最后一个电话挂断时,我把手机放下,指节发白,喉结滚了滚,才挤出一句,“我去想别的办法。”

林青梅忽然开口,“许行,算了。”

我抬眼。

“别借了。”林青梅声音轻得像气,“我去找段绍。”

那句话落下,我胸口猛地一缩,像被钉子钉住。

“你刚才不是说不嫁?”我问,声音压得很低,低得像怕吵到走廊里那些病人的命。

林青梅眼眶红了,手指无意识地抠着病历袋的边缘,“我是不嫁。”

“那你找他干什么?”我盯着她,嗓子发哑,“让他拿钱,再拿你当筹码?”

林青梅深吸了一口气,胸口起伏明显,“我妈等不起。”

那句“等不起”像刀,一刀把我所有的硬话切碎。林青梅说完,喉咙滚了一下,眼泪却没掉出来,只在眼眶里打转。

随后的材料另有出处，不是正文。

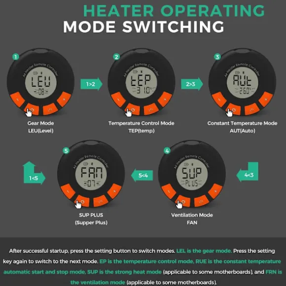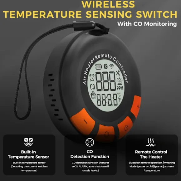 – Detektering av kolmonoxidkoncentration (CO): Den kan visa och detektera den aktuella kolmonoxidkoncentrationen (CO) i omgivningen. Ett larm ljuder när koncentrationen överstiger standardvärdet. När koncentrationen överskrids kraftigt stänger värmebrytaren automatiskt av värmaren.
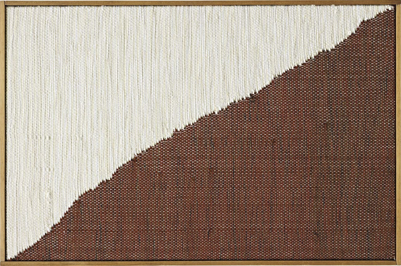 handwoven fibres, wool, cotton, acrylic on canvas, in artist's frame
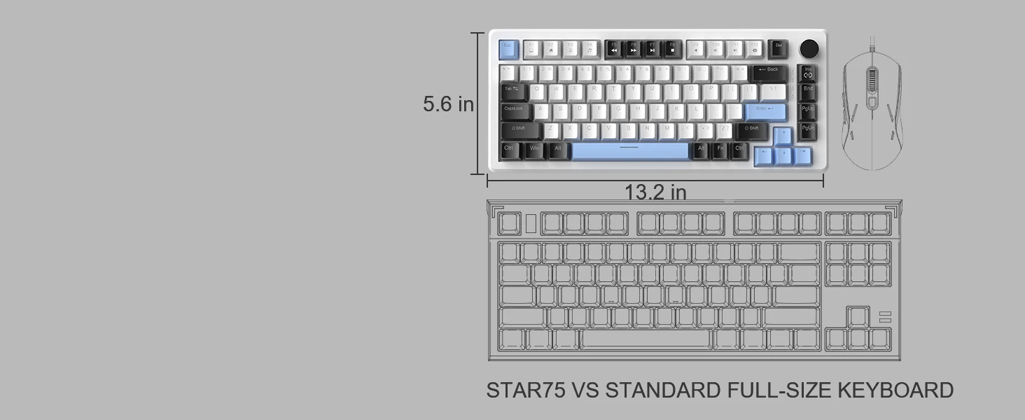 75% COMPACT MECHANICAL KEYBOARD: With a total of 83 keys, the STAR75 gaming keyboard retains separate arrow keys, making the desktop cleaner without sacrificing essential functionality. It can perform the commands of a full-size keyboard with more space for mouse movement. A great addition to the desktop for gamers and office users.
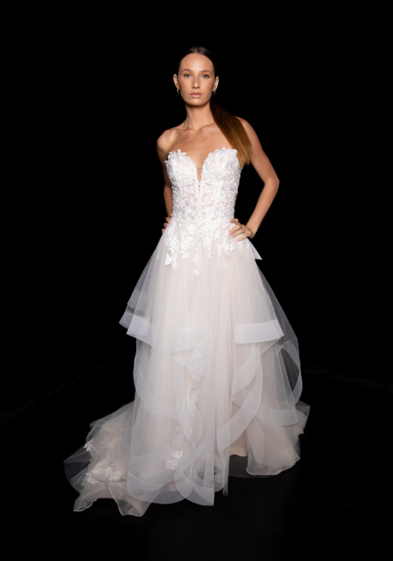 Looking for a unique, fun and flirty wedding dress? AVRIL is the one for you! Her ruffled skirt brings such a youthful and playful flair to a classic A-line bridal silhouette. This is the perfect gown for giving extra shimmer and sparkle as you dance the night away!

我把手伸过去,握住她发冷的手腕。那根骨头还是细,细得像随时会断。

“我去卖东西。”我说。

林青梅一愣。

“铺子里有几套工具,电焊机、空压机、铜线。”我盯着她,“不够我再去借,借不来我就去找人打工。你别去找段绍。”

林青梅张了张嘴,像想说“你疯了”,却只吐出一句,“那是你吃饭的东西。”

“你妈是命。”我说完,喉咙一紧,鼻腔里酸得厉害,“你别一个人扛。”

林青梅的眼睫颤了颤,呼吸乱了,像被这句话撞开了一条缝。她没点头,也没摇头,只把手从我掌心里抽出去,轻轻捂住脸。

“我不想欠你。”林青梅声音闷在掌心里。

“你欠我什么?”我问。

林青梅没回答,只肩膀抖了一下,像忍到极限。

我没再逼,转身往外走。脚步踏出医院大门时,冷风像刀片一样刮过来,刮得我眼睛发涩。

修理铺的门锁咔哒一声打开,屋里一股机油味混着旧电线皮的焦味。灯泡闪了两下才亮,光落在工具架上,照得每一把扳手都像一段过去的日子。

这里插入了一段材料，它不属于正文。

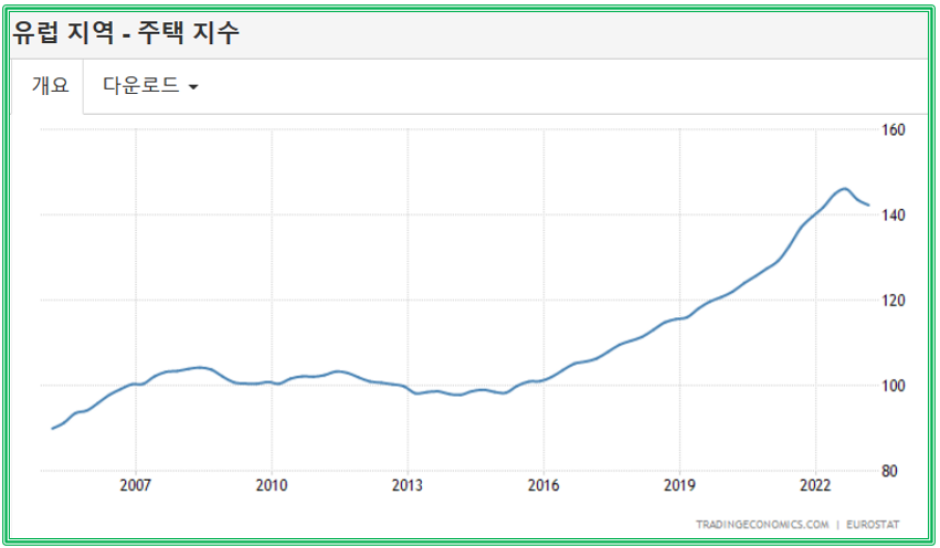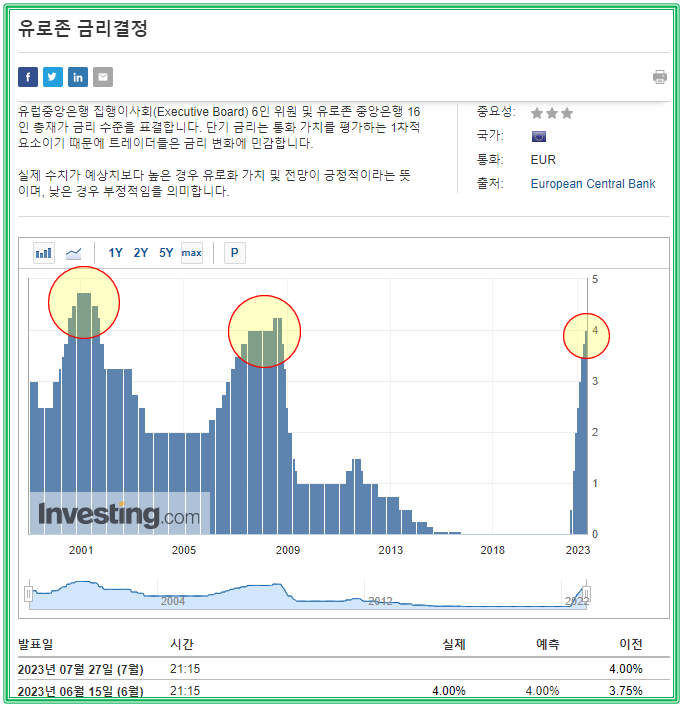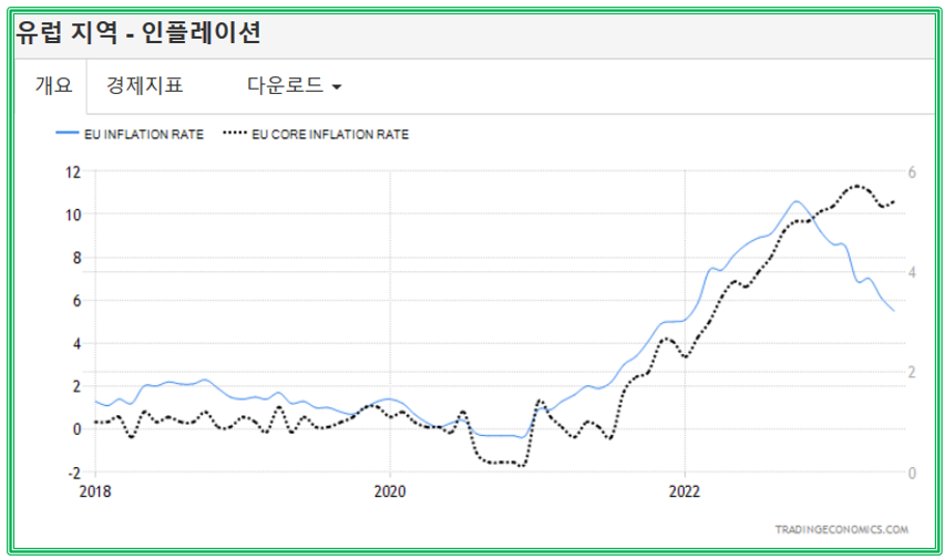 source : ko.tradingeconomics.com 단순 비교이기에 높다라는 의미가 무의미할 수 있습니다. 하지만 데이터 상으로 보이는 고점에서 흐름을 보면 아직 유럽은 하락세가 뚜렷하게 나타나고 있지 않다는게 핵심이 되는 내용입니다. 이번 유로존 ECB 역시 기준금리 인상안을 선택하지 않을까 싶습니다.
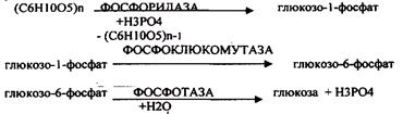Распад гликогена Может идти 2 путями: 1. ОСНОВНОЙ ФОСФОРОЛИТИЧЕСКИЙ ПУТЬ Он протекает в печени, почках, эпителии кишечника. Схематично можно записать в виде 3 реакций.
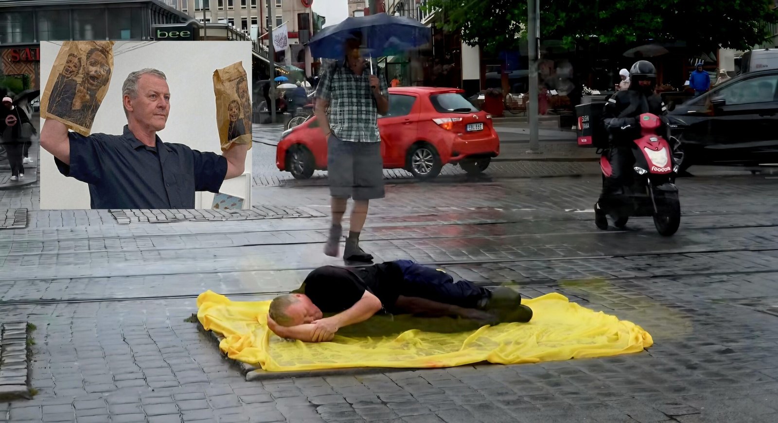 جاء العرض الأدائي للفنان ستامبه بعنوان (سرير المسيح)، في جو ماطر وبارد، وتميّز بقطعة قماش صفراء كبيرة، حلَّت محل سرير وسط زحام المرور في ساعات الذروة التي تشهدها مدينة غوتنبرغ عادة. يقول الفنان يواكيم ستامبه في معرض تعليقه على عرضه الأدائي المبهر إنني “كنت أحرك جسدي في عكس الحركة، حتى أصبح السرير المفترض مكاناً للراحة وسط ضجيج المدينة، وفعل سكون مضاد في أكثر الأماكن ازدحاماً في المدينة. كانت الحركو بسيطة، ولكنها غنية بالمعاني. الاستلقاء حيث لايسمح للمرء بالاستلقاء، وتدبير مكان حيث لايبدو أنه مكان واقعي. بهذه الطريقة أعتقد أنني صنعت صدعاً في مجرى الحياة اليومية وطرحت سؤالاً حول ماهية المدينة بالفعل؟”.
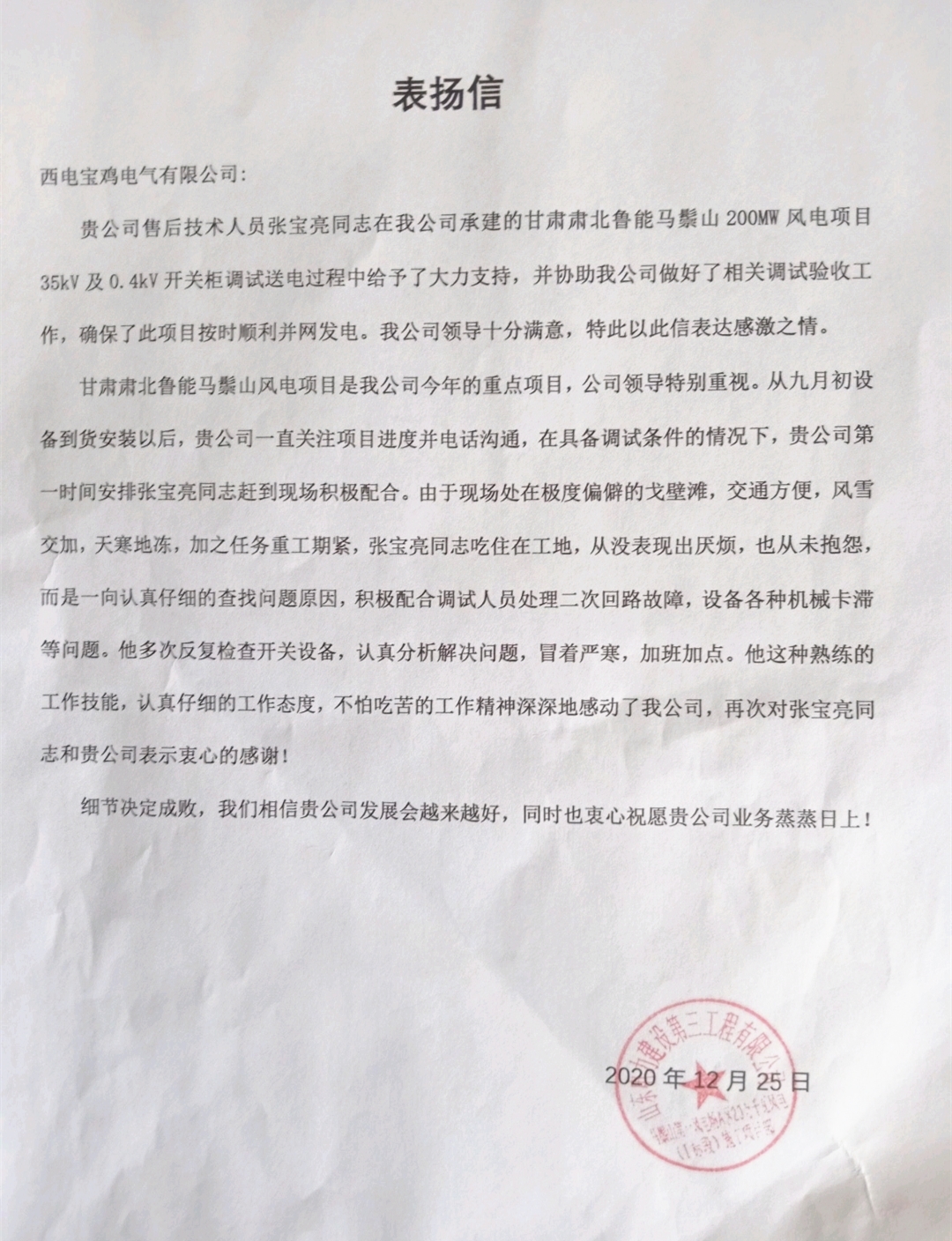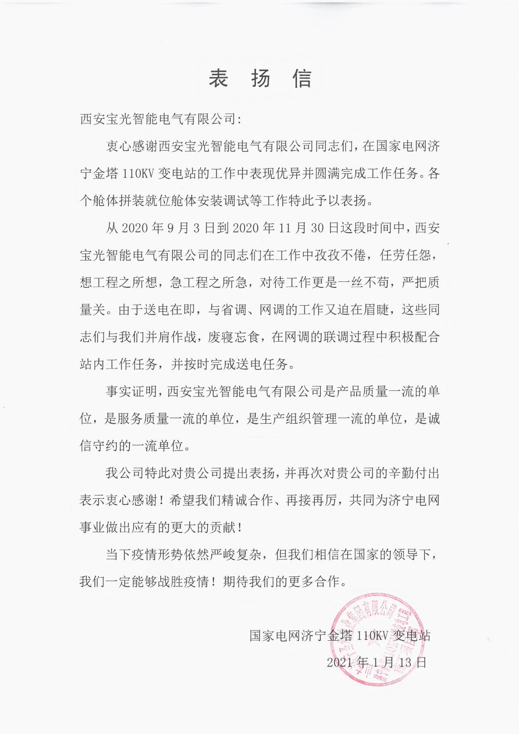 近日,西電寶雞電氣、寶光智能先后收到華能新疆吉木薩爾發(fā)電有限公司、山東電力建設(shè)第三工程有限公司、山東濟(jì)寧圣地電業(yè)集團(tuán)有限公司濟(jì)寧金塔110KV輸變電工程施工項(xiàng)目部、大唐內(nèi)蒙古分公司蒙中事業(yè)部四封感謝信。 四封感謝信都對西電寶雞電氣、寶光智能“急用戶所急、想用戶所想”的工匠精神表示高度認(rèn)可和表揚(yáng);對公司運(yùn)維服務(wù)工作人員熟練的工作技能,認(rèn)真的工作態(tài)度、不怕吃苦的工作精神表示衷心的感謝;全心全意為工程建成投產(chǎn)提供了重要保障,充分彰顯了央企擔(dān)當(dāng),并希望雙方能夠精誠合作,共同創(chuàng)造更多的精品工程。

我蹲下把电焊机拖出来,铁皮摩擦地面发出刺耳的声。我手背被划了一道,血珠冒出来,烫得我一哆嗦。

手机又震了,是我爸。

“许行。”老头子的声音喘得厉害,“你在哪?”

“外面。”我尽量稳住声音,“怎么了?”

“刚才有人敲门。”我爸咳了两声,“说让我们明天上午去街道办谈,带身份证户口本,不去就走程序。”

我心口一沉,“谁来敲的?”

“开发商的人。”老头子喘着气,“还说……还说你今天在项目部闹事,被录下来了。”

我脑子里“嗡”一声,像有人把电闸拉断。

“你别开门。”我说,嗓子发紧,“谁来都别开。”

我挂断电话,手里握着那根电焊机的把手,掌心全是汗。工具的冰冷透过皮肤往里钻,钻得人牙根发酸。

我把电焊机和空压机搬上三轮车,骑到二手市场。老板叼着烟,扫一眼机器,吐出一句,“你这旧得厉害,五千顶天。”

五千。

我看着那张油腻的脸,心里像被人踩了两脚。可我还是点头,把机器推过去,听见现金点钞机“哒哒”响,那声音像在笑。

我又卖了几卷铜线,又卖了两套工具箱。口袋里塞满皱巴巴的钞票,重量却轻得可笑。